= Jack Satter =

Partial owner of the New York Yankees

Satter

Jack Satter was a part-owner of the New York Yankees baseball team and a philanthropist.

Born and raised in Boston, Massachusetts, Satter attended Frank V. Thompson Junior High School and then English High School. He served as a sergeant in the Medical Corps while fighting in the European Theatre of World War II.

In 1970, he became owner of Colonial Provision Company, a company that sold hot dogs in the New England area - including to the Yankees and Boston Red Sox. In 1978, he became a limited partner of the Yankees, a position he held for nearly three decades, and in 1983, he sold Colonial Provision Company. In 1990, he considered selling his share of the team to Daiei founder Isao Nakauchi, though the transaction did not go through. Through 1996, he was worth about $14 million.
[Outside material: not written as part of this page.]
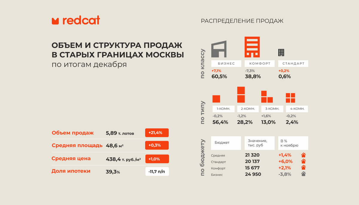 Средний бюджет на фоне произошедших изменений, показал прирост на уровне 1,4%, стоимость покупки квартир поднялась до 21,32 млн. руб. Бюджеты в сегменте стандартного жилья в декабре поднялись на 6,0% до 20,14 млн. руб., в сегменте комфорт-класса за месяц прибавили 2,1%, средняя цена лота составила 15,68 млн. руб., а в новостройках бизнес-класса бюджет снизился на 3,8% до 24,95 млн. руб.

His philanthropic activities included donating to synagogues in Newton, Massachusetts, an assisted living residence and the Massachusetts General Hospital. The Jack Satter Cardiac Intensive Care Floor and the Jack Satter Mezzanine and Conference Center are named in his honor.
He died at age 92 in Dedham, Massachusetts on April 7, 2014.

==Personal life==
Satter met his future wife, Nancy Bernard, in 1962, though they did not marry until 1986 (Satter had been married to another woman when he met Bernard, eventually divorcing her for Bernard). Satter filed for divorce from Bernard in 1991, with their separation becoming "the most high profile Yankee divorce case." It received mention on Dateline NBC in 2001.